*Dataset records*.
+++
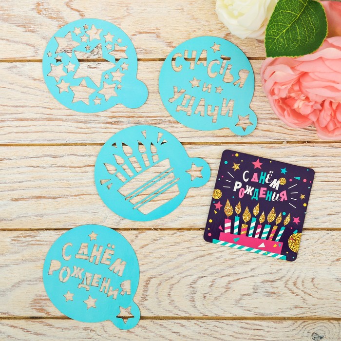 Набор магнит + трафареты 4 шт "С Днем Рождения", 14,5 х 10 см
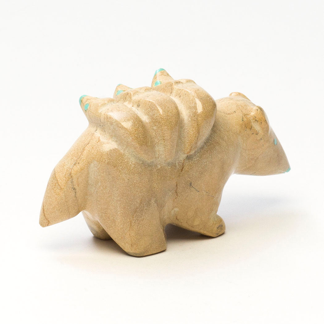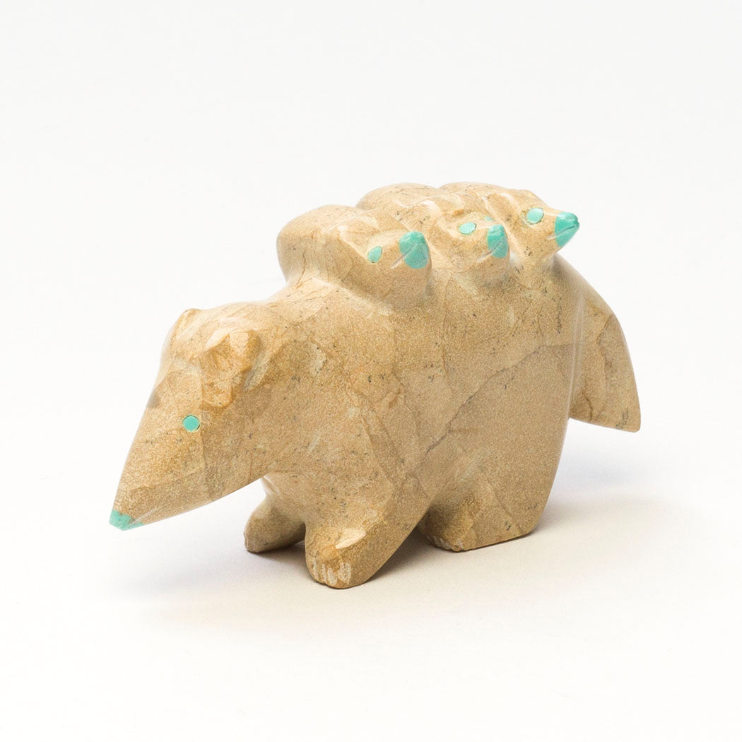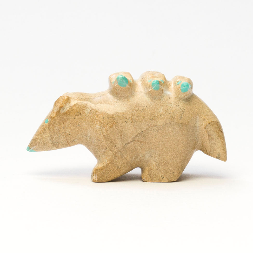Opossum are amazing prehensile-tailed marsupials, the only of their kind existing in North America. They are considered living fossils because ancient fossil finds reveal skeletons of small mammals that have remain unchanged for millions of years, the ancestors of modern day opossum. Like kangaroos, mother opossum carry the babies in a pouch but when they get too big, they'll adorably hitch a ride on her back. Enrike Leekya's adorable Zuni travertine opossum family have endearing eyes from turquoise inlays ready to grasp your heart. Sweet nose tips are from turquoise as well. A delightful tree-climbing clan that measures approximately 3 1/4" long, 1" wide and 1 3/4" tall. Opossum benefit the environment because they are natural pest controllers and clean up fallen fruit.
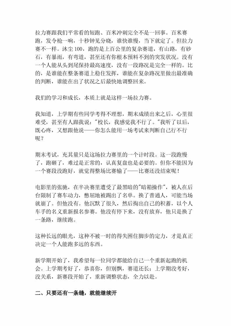 2026年春季开学典礼上,校长引用飞驰人生3的精彩讲话:热爱,才是永不熄火的引擎!admin昨天发布关注私信02410 ——预览已结束,还剩4页未读——开通会员后可免费下载高清完整文档 2026年春季开学典礼上,校长引用飞驰人生3的精彩讲话:热爱,才是永不熄火的引擎!此内容为付费资源,请付费后查看¥9.9黄金会员免费钻石会员免费暂时无法购买,请与站长联系您当前未登录!建议登陆后购买,可保存购买订单格式docx页数6 页大小16.56 KB付费资源© 版权声明文章版权归作者所有,未经允许请勿转载。THE END发言稿 喜欢就支持一下吧点赞10 分享QQ空间微博QQ好友海报分享复制链接收藏
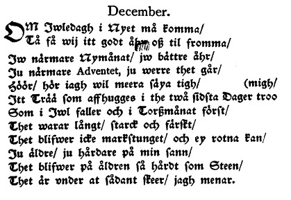 Det är inte alltid lätt att förstå gammelswenska, därför har jag översatt ovanstående text till nutida svenska. Inte för att det blev speciellt lättare att begripa, men ett tips är att läsa högt för sig själv och samtidigt reflektera över hur folket tänkte och resonerade förr i tiden, gällande att hitta någon slags orsak till varför vädret blev som det blev, och hur det skulle komma att bli. December är den månad som har flest förutsägelser och noteringar i Bondepraktikan, mycket beroende på de kristna högtiderna, och att det blir ett nytt år efter december.
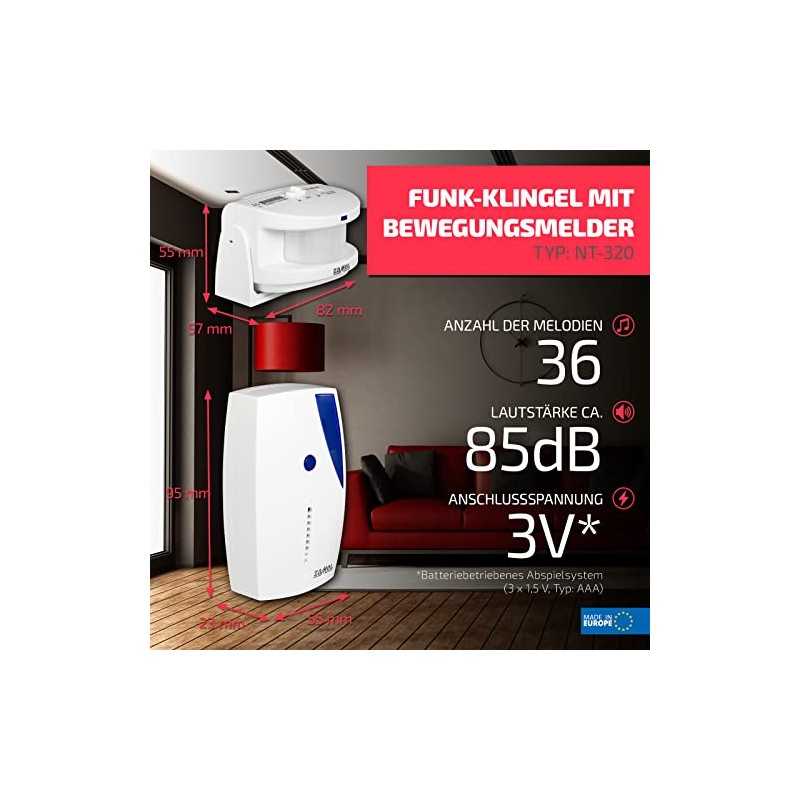 - Ideal as a notification device when a person enters a certain room in homes, shops, hotel receptions, warehouses, etc.
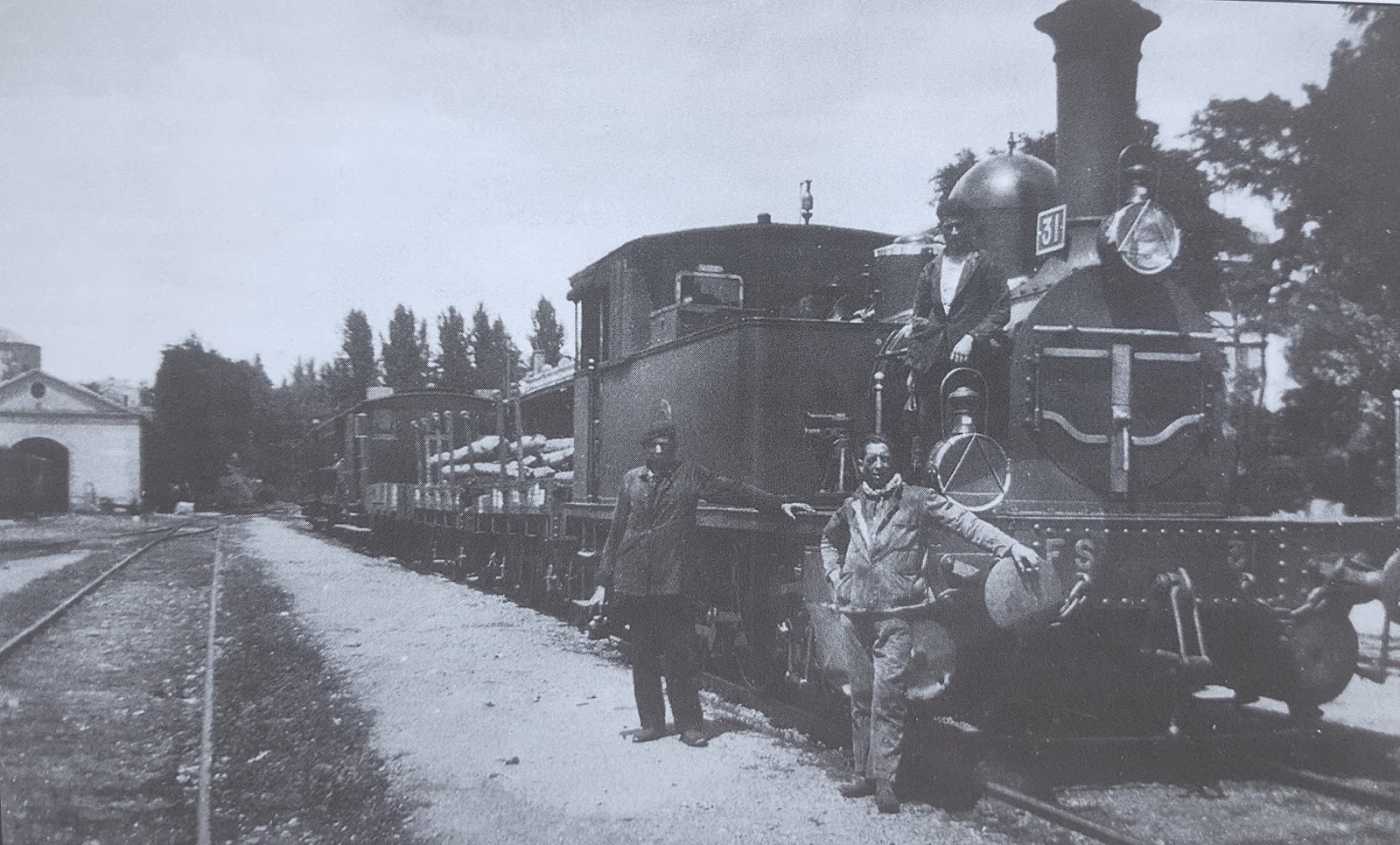 La 31 con su pareja de conducción. La foto parece que se tomó a finales de los años cuarenta en Soria aunque, como se ve, la locomotora no disponía aún de la numeración RENFE (autor desconocido)
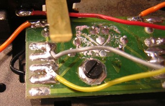 Die beiden obersten Punkte links uns rechts sind frei verwendbar. Ich verwende sie als Stützpunkt für die orangen Kabel. Orange entspricht dem positiven Potential und wird als Rückleiter für die flackerfreie Ansteuerung der Beleuchtungen benötigt. die beiden Lötpunkte unten links und rechts sind mir der Masse (braun) verbunden => in der Vergrösserung sieht man die Verbindung mit der Schraube. Diese beiden Lötstellen stellen wiederum ideale Lötstützpunkte für die Masse dar. |
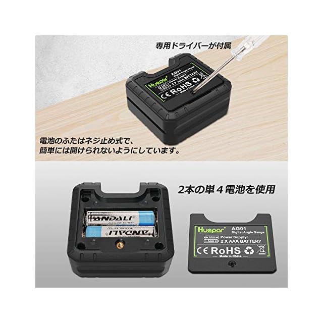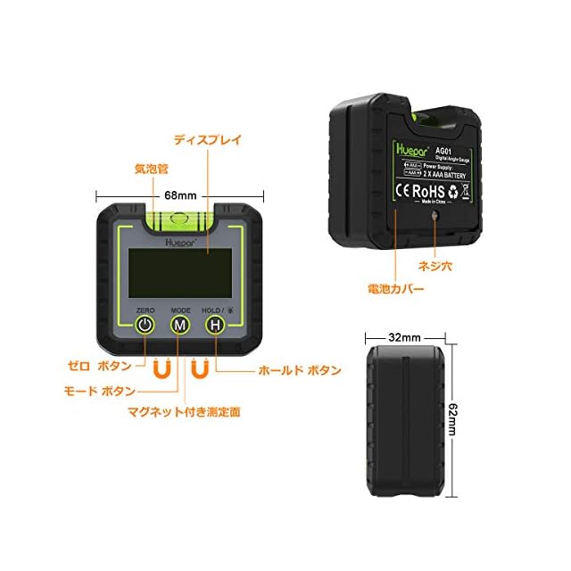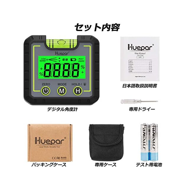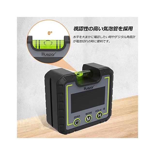 商品名:Huepar デジタル角度計 アングルメーター 傾斜計 デジタルレベル 水平器 レベルボックス バックライト付き マグネット付き 小型 ミニ 日本語取説付き AG01
+++
*Task directions*. The expected output is the lines above from the one containing "END发言稿 喜欢就支持一下吧点赞10 分享QQ空间微博QQ好友海报分享复制链接收藏" to the one containing "Det är inte", both ends included, reproduced exactly with every picture left out.

*Task solution*.
 2026年春季开学典礼上,校长引用飞驰人生3的精彩讲话:热爱,才是永不熄火的引擎!admin昨天发布关注私信02410 ——预览已结束,还剩4页未读——开通会员后可免费下载高清完整文档 2026年春季开学典礼上,校长引用飞驰人生3的精彩讲话:热爱,才是永不熄火的引擎!此内容为付费资源,请付费后查看¥9.9黄金会员免费钻石会员免费暂时无法购买,请与站长联系您当前未登录!建议登陆后购买,可保存购买订单格式docx页数6 页大小16.56 KB付费资源© 版权声明文章版权归作者所有,未经允许请勿转载。THE END发言稿 喜欢就支持一下吧点赞10 分享QQ空间微博QQ好友海报分享复制链接收藏
 Det är inte alltid lätt att förstå gammelswenska, därför har jag översatt ovanstående text till nutida svenska. Inte för att det blev speciellt lättare att begripa, men ett tips är att läsa högt för sig själv och samtidigt reflektera över hur folket tänkte och resonerade förr i tiden, gällande att hitta någon slags orsak till varför vädret blev som det blev, och hur det skulle komma att bli. December är den månad som har flest förutsägelser och noteringar i Bondepraktikan, mycket beroende på de kristna högtiderna, och att det blir ett nytt år efter december.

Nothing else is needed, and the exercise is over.